PROBLEM TO SOLVE: Would you reproduce each line below exactly, leaving every picture out?

AVAILABLE DATA:
┌──

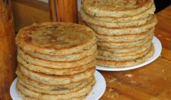 用料 油酥饼的做法 面粉倒进盆里,放进五克左右精盐搅拌开。中间划一条线。三分之一,三分之二分开。三分之二用开水和面。三分之一用冷水和面。和好面絮以后一起揉成面团,抹
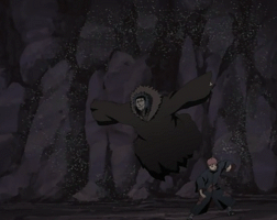 Сандайме шёл себе спокойно и держал ухо востро, но благодаря напарнице узнал о приближении врагов заранее, посему решил не испытывать судьбу и снял пробку от своей тыквы, а следующим действием управляя магнитными полями заставил железный песок выбраться из тыквы и принять форму десяти пульМорось Железного Песка
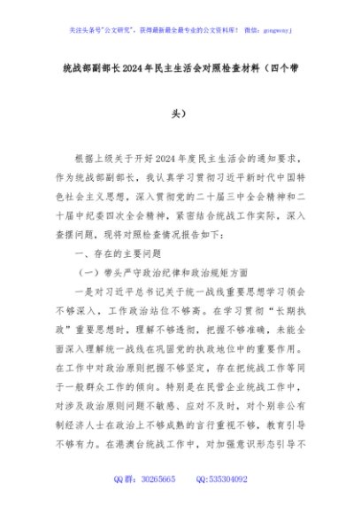 / 统战部副部长2024年民主生活会对照检查材料(四个带头)

└──

RESPONSE TO THIS TASK:
 用料 油酥饼的做法 面粉倒进盆里,放进五克左右精盐搅拌开。中间划一条线。三分之一,三分之二分开。三分之二用开水和面。三分之一用冷水和面。和好面絮以后一起揉成面团,抹
 Сандайме шёл себе спокойно и держал ухо востро, но благодаря напарнице узнал о приближении врагов заранее, посему решил не испытывать судьбу и снял пробку от своей тыквы, а следующим действием управляя магнитными полями заставил железный песок выбраться из тыквы и принять форму десяти пульМорось Железного Песка
 / 统战部副部长2024年民主生活会对照检查材料(四个带头)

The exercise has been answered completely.